Open MPI logo

Open MPI User's Mailing List Archives

  |   Home   |   Support   |   FAQ   |   all Open MPI User's mailing list

Subject: Re: [OMPI users] Calling MPI_Test() too many times results in a time spike
From: Ioannis Papadopoulos (giannis.papadopoulos_at_[hidden])
Date: 2010-11-30 16:09:02


Eugene Loh wrote:
> Ioannis Papadopoulos wrote:
>
>> Has anyone observed similar behaviour? Is it something that I'll have
>> to deal with it in my code or does it indeed qualify as an issue to
>> be looked into?
>
> I would say this is NOT an issue that merits much attention.
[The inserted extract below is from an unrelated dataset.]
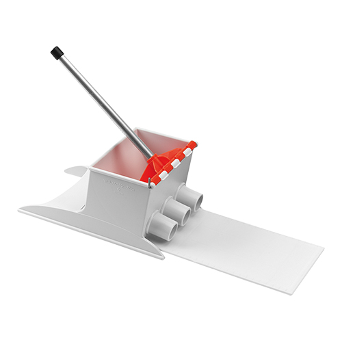 voor de produktie van aardappelkroketten (warm verwerken) of andere kroketten (gekoeld verwerken) in grote hoeveelheden, door de hefboom naar beneden te bewegen komen gelijke rollen uit de cylindervormige uitgangen, de rollen brengen de transportplank in beweging tot dat deze geheel gevuld is waarna zij op lengte gesneden kunnen worden, heeft 3 uitloopgaten, is vervaardigd uit kunststof met aluminium hefboom

There
> are too many potential performance anomalies that you might be
> encountering and they aren't worth "fixing" (or even understanding)
> unless they impact your application's performance in a meaningful way.
>
> E.g., try timing "nothing". Here is a sample test program:
>
> #include <stdio.h>
> #include <mpi.h>
>
> #define N 1000000
>
> int main(int argc, char **argv) {
> int i;
> double t[N], tavg = 0, tmin = 1.e20, tmax = 0;
>
> MPI_Init(&argc,&argv);
> for ( i = 0; i < N; i++ ) {
> t[i] = MPI_Wtime();
> t[i] = MPI_Wtime() - t[i];
> }
> for ( i = 0; i < N; i++ ) {
> tavg += t[i];
> if ( tmin > t[i] ) tmin = t[i];
> if ( tmax < t[i] ) tmax = t[i];
> }
> tavg /= N;
>
> printf("avg %12.3lf\n", tavg * 1.e6);
> printf("min %12.3lf\n", tmin * 1.e6);
> printf("max %12.3lf\n", tmax * 1.e6);
>
> MPI_Finalize();
> return 0;
> }
>
> I find that the minimum is 0 (indicating non-infinitesimal granularity
> of the timer), the average is small (some overhead of the timer call),
> and the maximum is very large. Why? Because something will happen
> now and then. What it is doesn't matter unless your application's
> performance is suffering.
>
> You report that the overall time is about the same. That is, it takes
> just over a second to receive the message, which is expected if the
> sender delays a second before sending.

The overall time may be the same, however it is alarming (at least to
me) that if you call MPI_Test() too many times, the average time per
MPI_Test() call increases. After all, that is what I am trying to
measure, how much it costs to call MPI_Test() on average.

In your MPI_Wtime() example, the average overhead of MPI_Wtime() is
exactly the same, independently of max/min time - which is what I would
expect. This is not true for MPI_Test(). A small delay before calling
the later, lowers the MPI_Test() average time.

> One of the things you could do is look at total time to receive the
> message and total time spent in MPI_Test. Then, vary TIMEOUT more
> smoothly (0.000001, 0.000002, 0.000005, 0.00001, 0.00002, 0.00005,
> 0.0001, 0.0002, 0.0005, 0.001, 0.002, 0.005, 0.01, 0.02). You may
> also have to run many times to see how reproducible the results are.
> As TIMEOUT increases, the total time to get the message will roughly
> increase, but not by much until TIMEOUT gets pretty large. The total
> time spent in MPI_Test should fall as TIMEOUT increases. So, the idea
> is that by increasing TIMEOUT, you decrease the responsiveness of the
> receiver while you make more CPU time available for other tasks. With
> any luck, there will be a broad range of TIMEOUT values that degrade
> responsiveness negligibly while freeing a meaningful amount of time up
> for other computational tasks.
>
> The performance of MPI_Test() -- and of a particular MPI_Test() call
> -- is probably not very meaningful.
I have run my toy example a lot of times on various systems with both
OpenMPI and IBM MPI - I am always seeing the same behavior I have reported.

The performance of MPI_Test() is critical when you are not using MPI to
implement applications directly, but rather as transport layer for
higher level runtime systems. In that case, you need the non-blocking
MPI_Test() to avoid being stuck in MPI and do other things that your
runtime has to do.

Having an inconsistent overhead on MPI_Test() forces me to have a timer
before it, to avoid seeing this performance degradation in cases where
my runtime is out of things to do (but still cannot afford to block into
MPI) so it hits MPI_Test() until something arrives from the MPI layer or
the user gives something to the runtime something to do. A timer that
should not exist in my opinion.

>
> Note that your MPI_Irecv calls should strictly speaking have
> MPI_ANY_SOURCE rather than MPI_ANY_TAG.

You're right. However, even with having exactly matching
MPI_Isend/MPI_Irecv, the problem still exists.